Clearly, a different approach is needed to estimate the velocity and elemental growth rate distribution in the cell division-region of the leaf growth zone. In roots or hypocotyls, on which marks can be observed directly and continuously, velocity data have been derived from observational records (e.g. streak photographs, image sequence analysis) of displacement of natural or artificial marks on the surface of the tissue in the meristematic regions (Erickson and Sax 1956; Walter et al. 2002; van der Weele et al. 2003). But, such measurements cannot be made in a non-destructive way in the leaf growth zone of Poaceae, since it is enclosed by the sheaths of older leaves and is therefore not directly accessible.

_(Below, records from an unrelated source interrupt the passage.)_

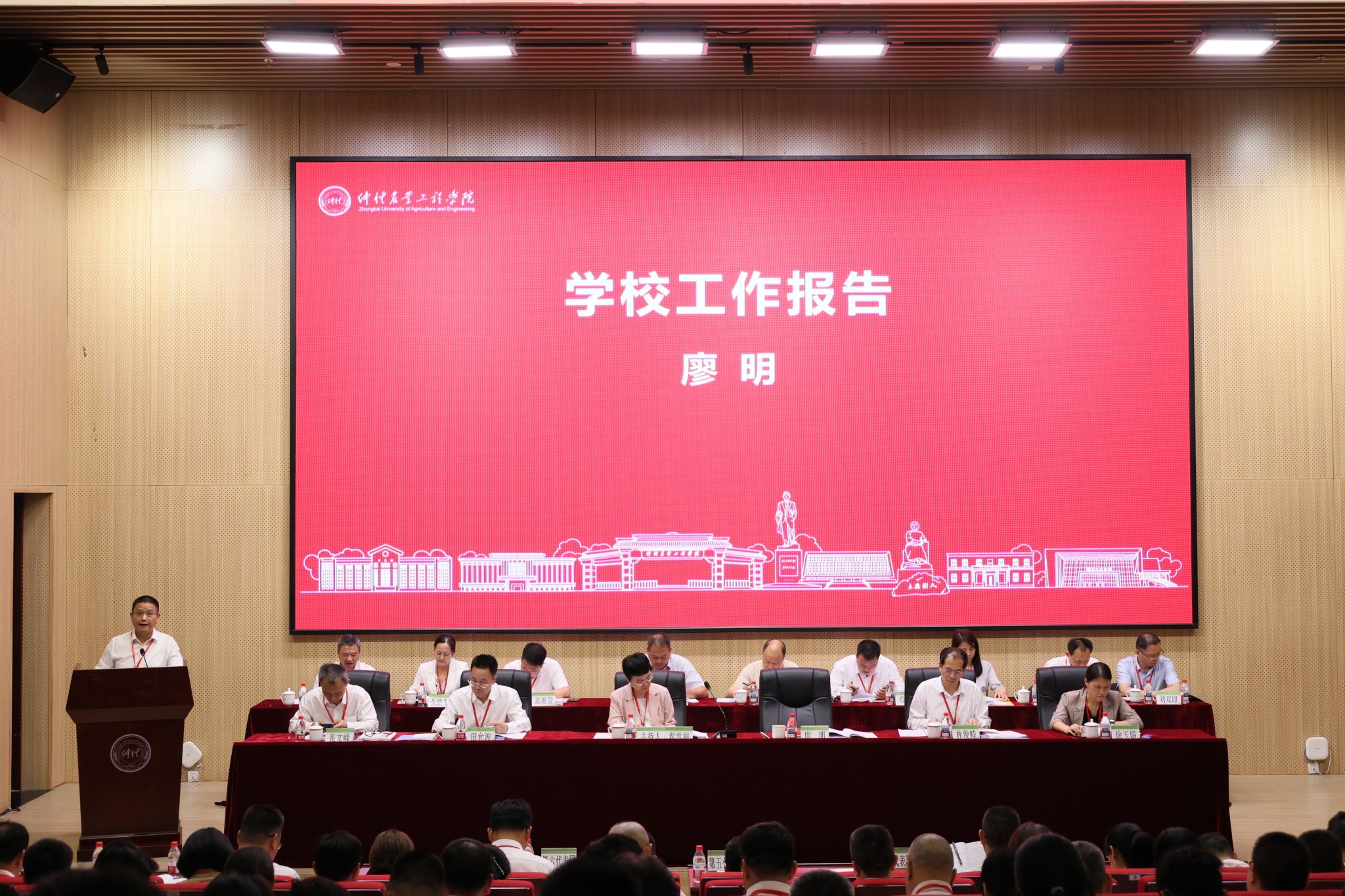 廖明代表学校向大会作工作报告,全面回顾2025年工作亮点和近五年工作成效。2025年,学校各项事业取得显著成绩。一是实施“攻坚行动”,核心发展任务取得突破;二是坚持“三全育人”,“大思政”育人格局不断完善;三是持续深化改革,人才培养质量全面提升;四是坚持引育并举,师资队伍结构持续优化;五是坚持精准发力,科技创新能级显著提升;六是彰显使命担当,聚力赋能“百千万工程”;七是扩大开放办学,对外交流合作不断拓展;八是抓好民生保障,办学条件不断完善;九是坚持依法治校,现代大学治理能力明显增强。过去五年,学校内涵式发展持续深化,学科建设实现新跃升,人才培养取得新成效,师资队伍焕发新活力,科技创新迈出新步伐,社会服务展现新作为,办学条件获得新改善,综合改革激发新活力。2026年工作总体思路和重点:一是聚焦重大攻坚任务,实现发展历史性跨越;二是深化教育教学改革,提升人才培养质量;三是强化有组织科研,奋力实现科技创新跃升;四是强化人才战略引领,建设高水平师资队伍;五是拓展优化办学资源,夯实事业发展基础;六是提升服务保障效能,建设平安健康绿色校园;七是提升治理现代化水平,激发内生发展动力;八是繁荣校园文化,营造优良育人环境;九是加强党的全面领导,凝聚高质量发展合力。
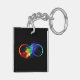 Artistically drawn infinity symbol with beautiful rainbow feather on white background. Tattoo style.
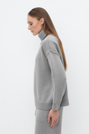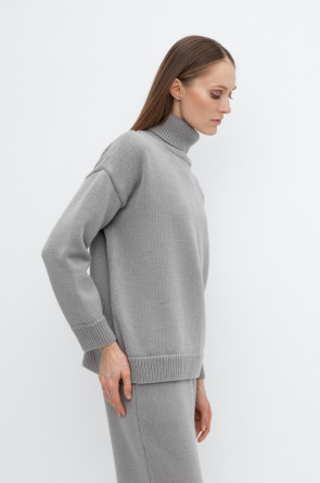 Уютный вязаный джемпер из полушерстяной пряжи. Шерсть в составе сохраняет тепло, а волокна акрила добавляют мягкость и объем. Выполнен гладью. Комфортная длинные цельнокроеные рукава придают изделию объем.
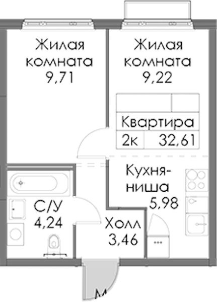 - Площадь32,61 м2
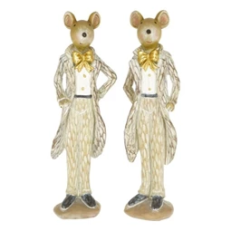 Dekoráció Egér ruhában, nyakkendővel álló poly 4x3x14 cm bézs, fehér 2 féle, 1db
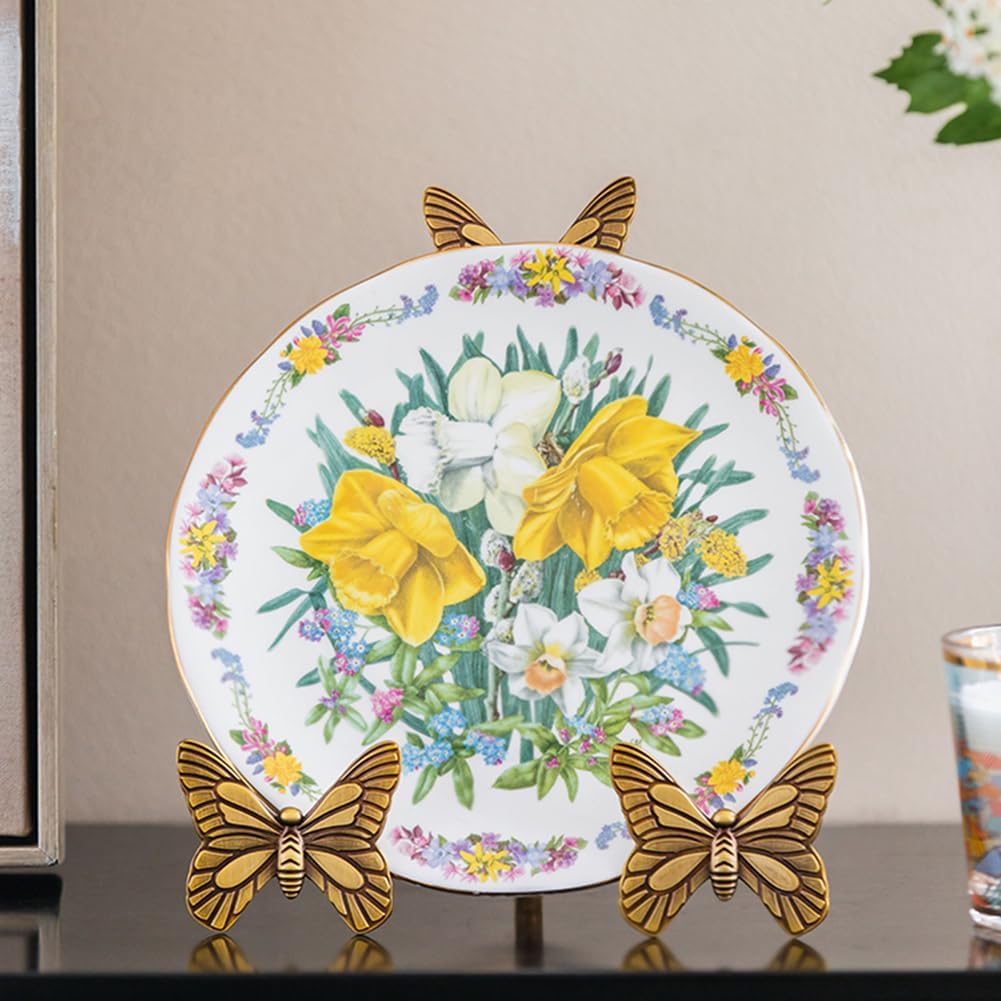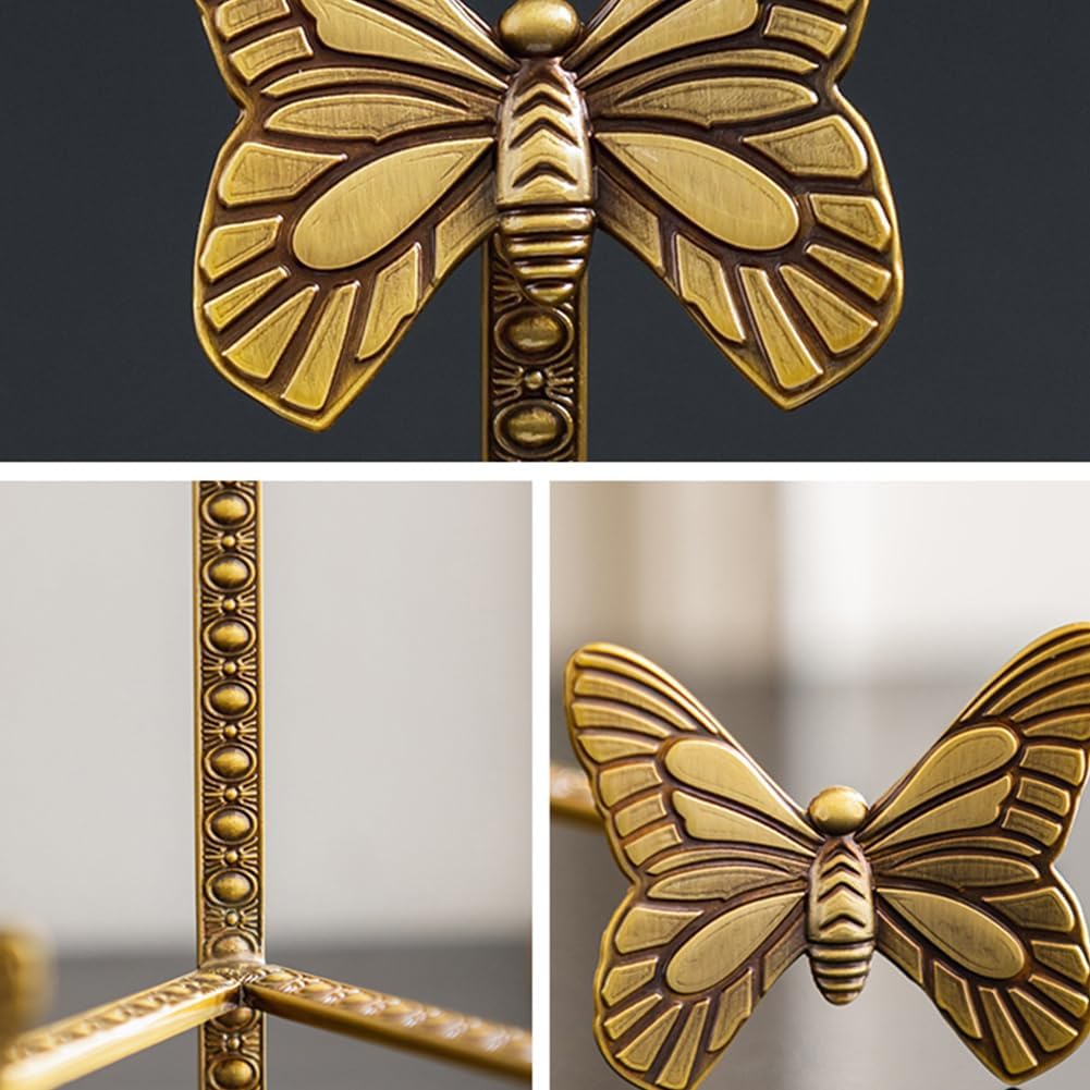 Add a touch of elegance to your home with this brass butterfly plate stand. Perfect for displaying decorative plates, small artwork, or collectibles, this stand is both functional and stylish. Its durable brass construction ensures long-lasting use, while the charming butterfly design adds a whimsical yet sophisticated touch to any room. Whether placed on your mantel, dining table, or in a display cabinet, this stand beautifully showcases your favorite items. The stand is compact and sturdy, designed to hold items securely in place without risk of tipping over. Its versatility allows it to be used for a variety of decorative pieces, making it a great addition to your home or a thoughtful gift for someone special. Ideal for collectors, this butterfly plate stand adds an eye-catching element to any space, elevating the look of your most treasured possessions. Product Features: 1. Dimensions: As shown as picture 2. Material:Brass 3. Color:Gold 4. Package includes:1 * Plate Display Stand Warm Tips: Due to different monitors, the actual color of the item may be slightly different from the picture displayed on the website. The size is manually measured, so please allow a slight deviation within 0.5 inches. As it is a handmade product, some minor flaws are normal designs. This should be known in advance. If the product fails to satisfy you for any reason, please contact us in time and we will provide you with 100% high-quality after-sales service.

At present, aside from cell-length profiles in the elongation-only region, the only available alternative technique for the derivation of growth velocities in the leaf growth zone of grasses is the marking of the growth zone by pinning through the surrounding sheaths and measuring the pin-hole displacement after a short time interval (Schnyder et al. 1987; Bernstein et al. 1993; Ben-Haj-Salah and Tardieu 1995) or by following ink marks placed on the growth zone after removal of the surrounding sheaths (Volenec and Nelson 1981; Schnyder et al. 1987). In principle, the pinning method can also be used to determine the velocity distribution in the cell division zone of the leaf, which is necessary for calculation of cell division distribution using the continuity equation. But since the velocity is slow the time interval for accuracy becomes a challenge. In contrast with the anatomical method, however, the marking methods do not depend on the steady-state condition. This also means that the anatomical and marking methods will give different growth rate distributions, if the steady-state condition is not satisfied.

Hu and Schmidhalter disregarded the pinning method. They argued that it causes artefacts in the growth rate distribution, stating “in studies of stressed plants, the reduction in leaf elongation rate caused by pricking will confound drawing accurate conclusions of the effects of stresses (e.g. drought, salinity, temperature) on the spatial distribution of leaf elongation” and more particularly they write that “the pinning method results in a smaller size of the growth zone …”. However, Hu and Schmidhalter did not present direct evidence for their statement. Also, their concern is not new and has been addressed in several studies. Schnyder et al. (1987) demonstrated that although leaf elongation rate was substantially reduced for several hours after pinning the relative distribution of growth was not affected. Moreover, in leaves of Lolium perenne L. during the phase of near-constant leaf elongation, the spatial distribution of relative elemental growth rates obtained from pinning corresponded well with that derived from the anatomical record (Schnyder et al. 1990). These studies indicated that the relative effect of pinning on local growth rate was uniform over the growth zone and could be therefore corrected by applying a correction coefficient (Schnyder et al. 1987; Ben-Haj-Salah and Tardieu 1995).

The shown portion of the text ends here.